- _Input material_:
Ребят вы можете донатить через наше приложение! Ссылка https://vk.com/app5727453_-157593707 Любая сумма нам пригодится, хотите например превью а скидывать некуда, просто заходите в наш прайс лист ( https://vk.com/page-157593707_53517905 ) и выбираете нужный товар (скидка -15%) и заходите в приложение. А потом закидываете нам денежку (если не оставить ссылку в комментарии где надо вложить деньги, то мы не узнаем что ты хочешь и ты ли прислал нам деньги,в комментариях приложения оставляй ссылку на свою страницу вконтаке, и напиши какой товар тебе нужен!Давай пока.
...
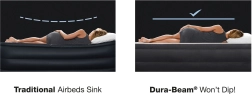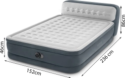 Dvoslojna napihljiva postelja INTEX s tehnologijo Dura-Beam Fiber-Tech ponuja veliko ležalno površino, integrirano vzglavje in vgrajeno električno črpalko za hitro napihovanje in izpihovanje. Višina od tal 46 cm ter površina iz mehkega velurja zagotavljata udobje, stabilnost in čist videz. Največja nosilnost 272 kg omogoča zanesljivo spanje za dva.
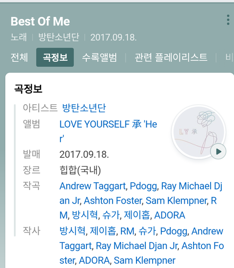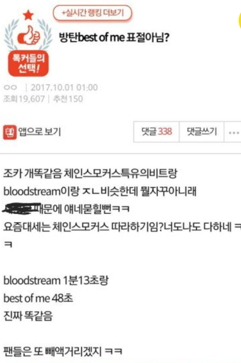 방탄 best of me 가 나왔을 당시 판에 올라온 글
--
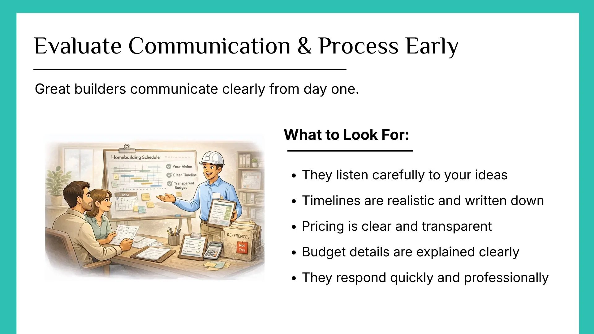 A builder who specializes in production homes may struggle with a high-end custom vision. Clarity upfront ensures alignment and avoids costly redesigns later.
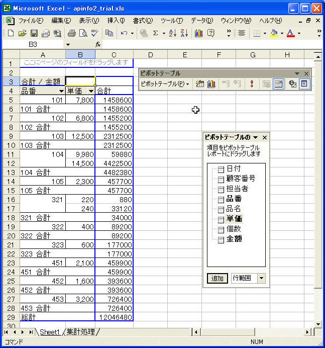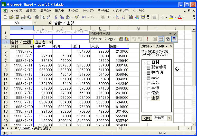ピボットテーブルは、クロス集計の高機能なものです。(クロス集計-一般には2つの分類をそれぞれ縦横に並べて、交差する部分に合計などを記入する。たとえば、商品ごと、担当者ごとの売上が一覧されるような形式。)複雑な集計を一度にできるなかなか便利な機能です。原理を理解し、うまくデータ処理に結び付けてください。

- _What the task requires_: Go to the line above that has "A builder who" and copy exactly from there down to the line that has "ピボットテーブルは、クロス集", both included. Leave the pictures out.

- _Response box_:
 A builder who specializes in production homes may struggle with a high-end custom vision. Clarity upfront ensures alignment and avoids costly redesigns later.
ピボットテーブルは、クロス集計の高機能なものです。(クロス集計-一般には2つの分類をそれぞれ縦横に並べて、交差する部分に合計などを記入する。たとえば、商品ごと、担当者ごとの売上が一覧されるような形式。)複雑な集計を一度にできるなかなか便利な機能です。原理を理解し、うまくデータ処理に結び付けてください。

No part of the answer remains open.